Bangladesh Road Transport Corporation (BRTC) is a state-owned transport corporation of Bangladesh. It was established under the Government Ordinance No.7 of 1961 dated 4 February 1961. Following the independence of Bangladesh in 1971, it assumed its current name. It is responsible for issuing buses and maintaining the public transports in the roads and highway division.

Organization
BRTC is a semi-autonomous corporation under the Ministry of Communication. The governing body includes the Communication Minister, the Communication Secretary, the Director of the corporation, and other officials.

Services
BRTC provides both passenger and cargo transport services.
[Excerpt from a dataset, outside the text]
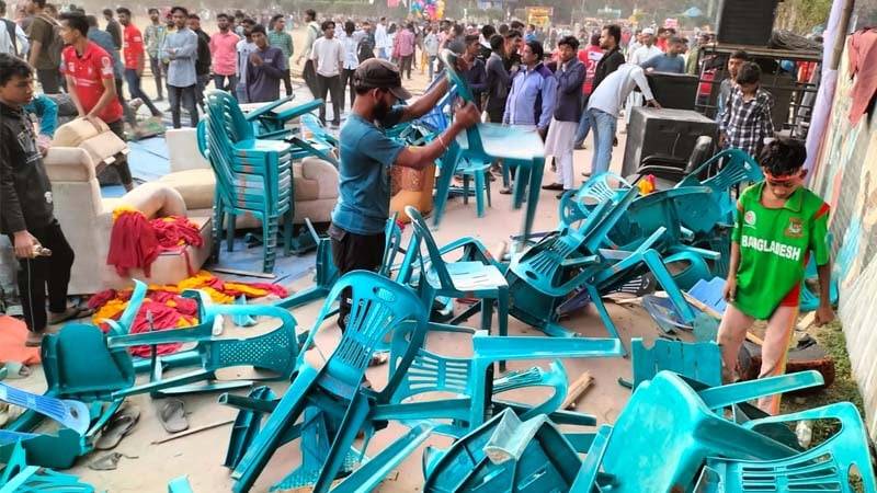 শিরোপা জয়ী ফরচুন বরিশাল দলের খেলোয়াড়দের সঙ্গে শুভেচ্ছা বিনিময় ও ট্রফি প্রদর্শন করার পর একটি কনসার্টের আয়োজন ছিল। কিন্তু লাখো মানুষের ভিড় সামলাতে প্রয়োজনীয় নিরাপত্তা ব্যবস্থা ছিল না। আয়োজকদের অব্যবস্থাপনা ও বিশৃঙ্খল পরিস্থিতির কারণে কিছুই করা সম্ভব হয়নি। এ সময়, দর্শকরা চেয়ার ছোঁড়েন এবং হুড়োহুড়ির মধ্যে অন্তত ৫০ জন আহত হন, যার মধ্যে কয়েকজন সংবাদকর্মীও রয়েছেন। বিক্ষুব্ধ জনতা জুতা ও চেয়ার নিক্ষেপ করে এবং তাদের ক্ষোভের বহিঃপ্রকাশ ঘটায়। ফলে অনুষ্ঠানটি সম্পূর্ণভাবে পণ্ড হয়ে যায়।

BRTC operates three international bus services (Dhaka to Kolkata, Agartala, and Siliguri in India). Inside Bangladesh, it operates inter-district bus services through its bus depots in Chittagong, Bogra, Comilla, Pabna, Rangpur, Barisal, and Sylhet. It also operates intra-city bus services in many major cities of the country.

For transportation of cargo, BRTC operates a fleet of 170 trucks. About twenty percent of the government food transport uses BRTC's trucks. The two main truck depots are located at Dhaka and Chittagong.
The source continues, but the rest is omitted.